Task statement: From the first line of the data through the line containing "Financial Aid Resource Fair will", transcribe each line exactly. Pictures do not belong in the copy.

Given entries:
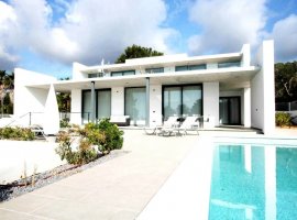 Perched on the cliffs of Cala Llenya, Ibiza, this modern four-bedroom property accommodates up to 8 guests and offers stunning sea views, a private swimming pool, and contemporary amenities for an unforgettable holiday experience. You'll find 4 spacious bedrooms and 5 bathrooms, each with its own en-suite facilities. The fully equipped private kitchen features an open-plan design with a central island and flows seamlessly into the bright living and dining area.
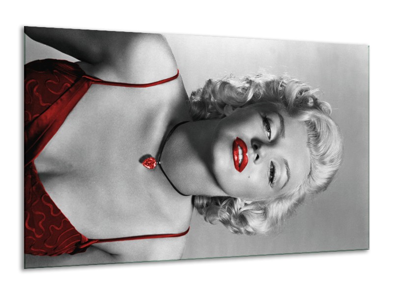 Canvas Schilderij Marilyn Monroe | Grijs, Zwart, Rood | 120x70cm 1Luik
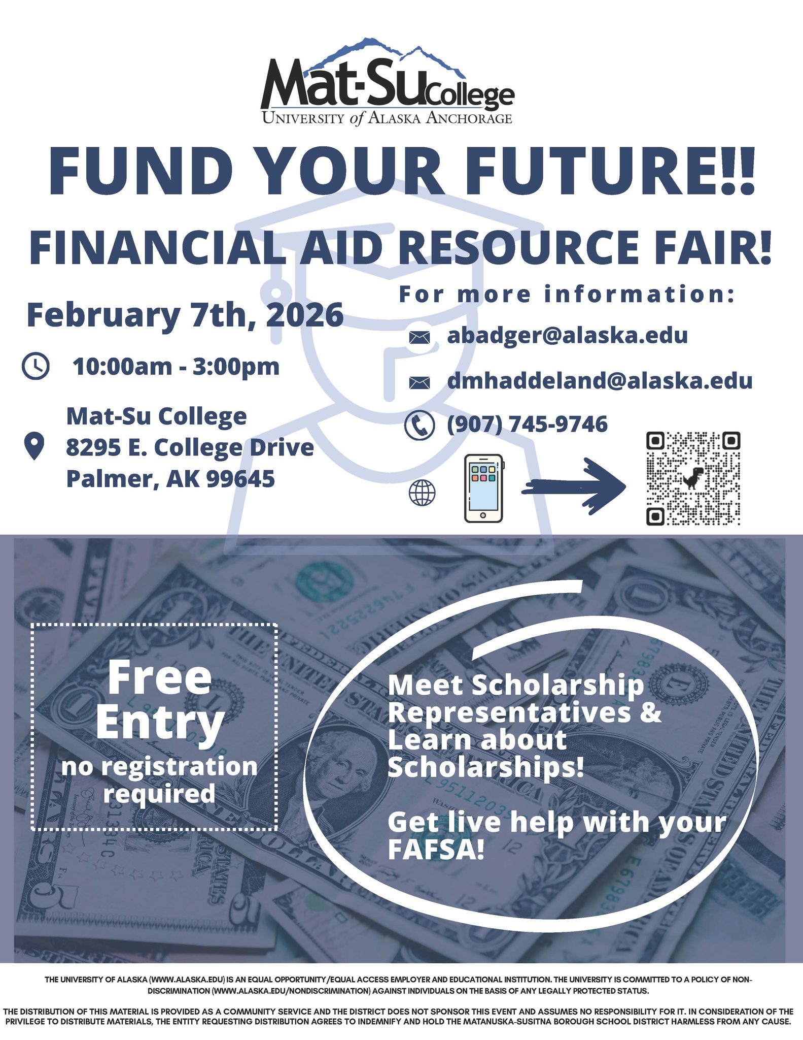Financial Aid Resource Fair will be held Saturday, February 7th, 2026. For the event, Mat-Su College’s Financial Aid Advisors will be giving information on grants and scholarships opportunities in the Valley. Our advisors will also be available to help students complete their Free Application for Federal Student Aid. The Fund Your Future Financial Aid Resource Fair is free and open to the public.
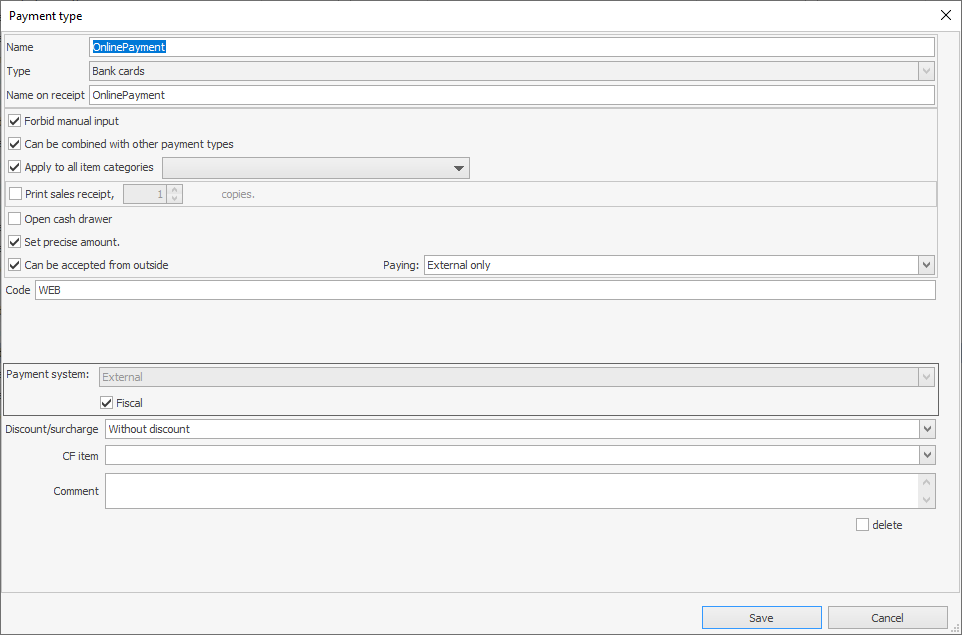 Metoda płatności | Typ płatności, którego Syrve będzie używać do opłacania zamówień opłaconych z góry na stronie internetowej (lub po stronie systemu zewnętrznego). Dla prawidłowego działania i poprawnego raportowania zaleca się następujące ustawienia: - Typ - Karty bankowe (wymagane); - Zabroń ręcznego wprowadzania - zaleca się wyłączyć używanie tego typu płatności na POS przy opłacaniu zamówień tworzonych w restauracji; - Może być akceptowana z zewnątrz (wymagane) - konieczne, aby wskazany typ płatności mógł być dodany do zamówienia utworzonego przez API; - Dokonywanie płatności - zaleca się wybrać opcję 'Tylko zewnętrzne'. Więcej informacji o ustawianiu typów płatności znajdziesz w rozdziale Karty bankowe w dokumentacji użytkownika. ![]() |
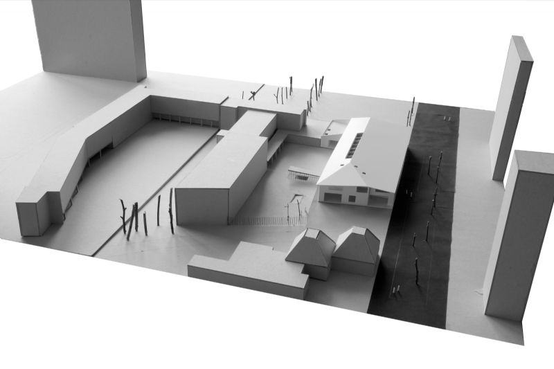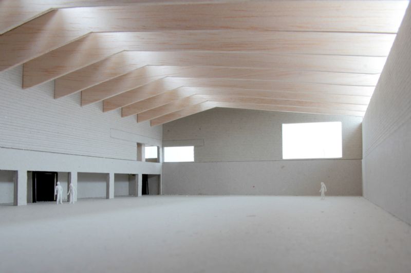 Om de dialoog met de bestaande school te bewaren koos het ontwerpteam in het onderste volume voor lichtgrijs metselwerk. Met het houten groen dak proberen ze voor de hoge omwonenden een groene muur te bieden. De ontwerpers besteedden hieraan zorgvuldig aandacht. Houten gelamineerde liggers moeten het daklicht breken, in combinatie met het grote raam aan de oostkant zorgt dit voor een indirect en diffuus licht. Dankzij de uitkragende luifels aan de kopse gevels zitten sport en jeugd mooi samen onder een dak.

Worked solution:
 Perched on the cliffs of Cala Llenya, Ibiza, this modern four-bedroom property accommodates up to 8 guests and offers stunning sea views, a private swimming pool, and contemporary amenities for an unforgettable holiday experience. You'll find 4 spacious bedrooms and 5 bathrooms, each with its own en-suite facilities. The fully equipped private kitchen features an open-plan design with a central island and flows seamlessly into the bright living and dining area.
 Canvas Schilderij Marilyn Monroe | Grijs, Zwart, Rood | 120x70cm 1Luik
Financial Aid Resource Fair will be held Saturday, February 7th, 2026. For the event, Mat-Su College’s Financial Aid Advisors will be giving information on grants and scholarships opportunities in the Valley. Our advisors will also be available to help students complete their Free Application for Federal Student Aid. The Fund Your Future Financial Aid Resource Fair is free and open to the public.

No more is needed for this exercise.